The Criterion Collection // Unrated // April 27, 2010
List Price: $39.95 [Buy now and save at Amazon]

Review by Jamie S. Rich | posted April 12, 2010 | E-mail the Author

THE MOVIE:

"This is a snakeskin jacket! And for me it's a symbol of my individuality and my belief in personal freedom." - Sailor (Nicolas Cage) in David Lynch's Wild at Heart

"That's where I come from, it's not where I'm going." - Valentine (Marlon Brando) in The Fugitive Kind

I know that New York isn't really earthquake country, but has anyone checked the records for 1959? Because surely the ground did shake when Anna Magnani and Marlon Brando met each other on the set for The Fugitive Kind. Such colossal screen talent in one place, the soil must have shuddered. That the two apparently did not get along did not matter. Such are the laws of the jungle. As performers, these two were primal.

The Fugitive Kind was directed by Sidney Lumet, most recently seen on modern movie screens helming the fantastic Before the Devil Knows You're Dead. It was adapted by Tennessee Williams and Meade Roberts from Williams's play Orpheus Descending. It reunited the playwright and Marlon Brando, who had changed acting forever as Stanley Kowalski in Williams's A Streetcar Named Desire, first igniting the boards in the original stage version, then recapturing the flame in Elia Kazan's movie version.
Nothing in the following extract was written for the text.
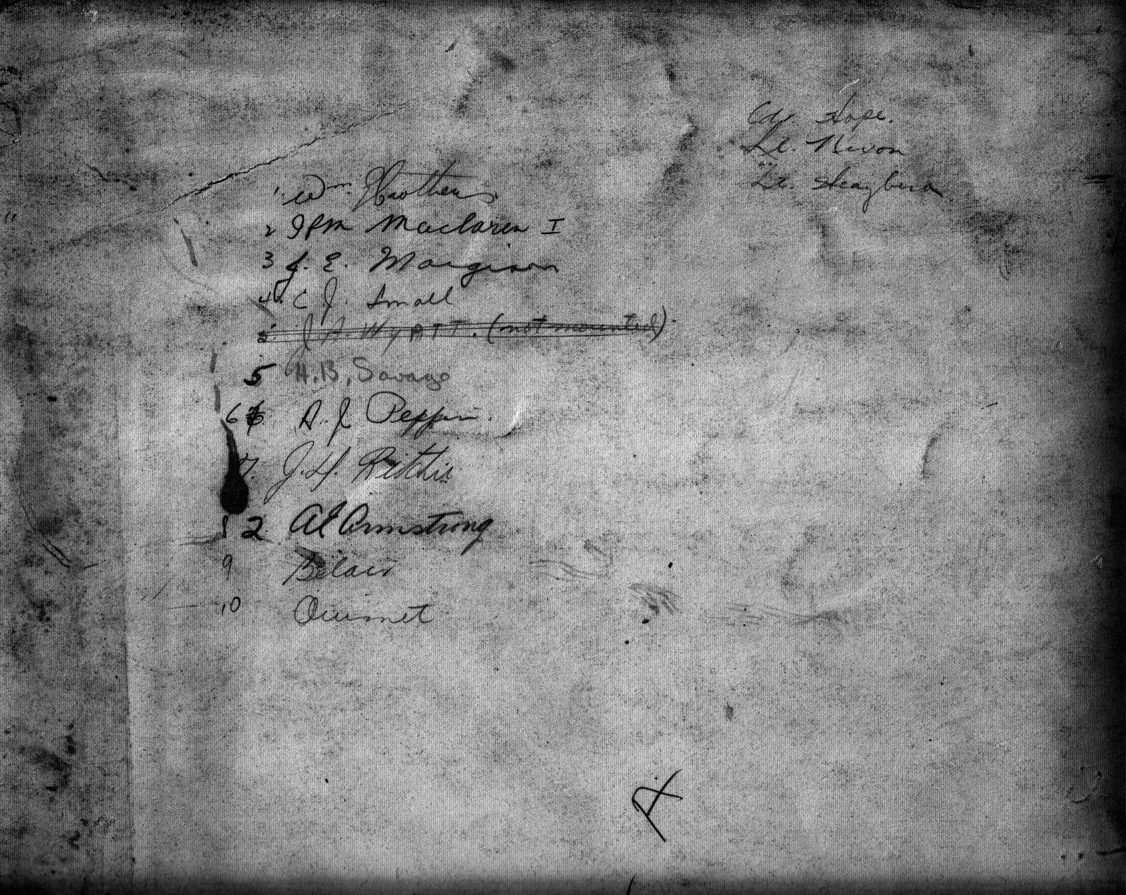 There were 3 copies of this photo in Lt Keith Huffman's collection.  These are the names written on the back of each copy.
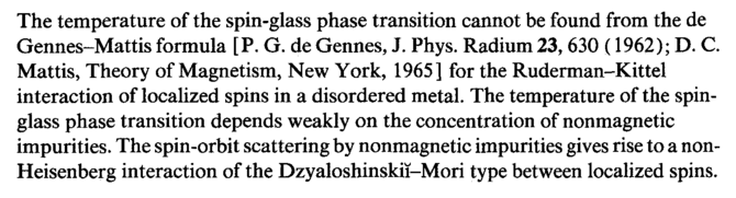 The temperature of the spin-glass phase transition cannot be found from the de Gennes-Mattis formula [P. G. de Gennes, J. Phys. Radium 23,630 (1962); D. C. Mattis, Theory of Magnetism, New York, 1965] for the Ruderman-Kittel interaction of localized spins in a disordered metal. The temperature of the spin-glass phase transition depends weakly on the concentration of nonmagnetic impurities. The spin-orbit scattering by nonmagnetic impurities gives rise to a non-Heisenberg interaction of the Dzyaloshinskii-Mori type between localized spins.

This time around, Brando plays Valentine Xavier, also known as "Snakeskin," named so for his snakeskin jacket. Val is a performer in love with his guitar, which he carries everywhere yet really only plays once (accompanied by an unconvincing overdub). When we meet Val, he's standing before a New Orleans court, having caused a ruckus at an illicit party the night before. His guitar is in hock, he was hired to go to the party for his other talents. Snakeskin is a stud. He oozes sexuality. Just about everything out of his mouth sounds like a come-on.

Val is just about to turn 30, and he's sick of the festive lifestyle, so he retrieves his guitar and gets out of the Big Easy. He drives until his car won't drive anymore, settling into a small town. The sheriff's wife (Maureen Stapleton) takes pity on him--a bad habit of hers, by the looks of it. The night Val arrives, Sheriff Talbot (R.G. Armstrong) and his boys are hunting down an escapee that muscled passed Mrs. Talbot when she took his dinner to the jail cell. They catch him, but this time they give him a pine box instead of a metal one with bars. Still, Val wants to turn over a new leaf, and Mrs. Talbot believes him.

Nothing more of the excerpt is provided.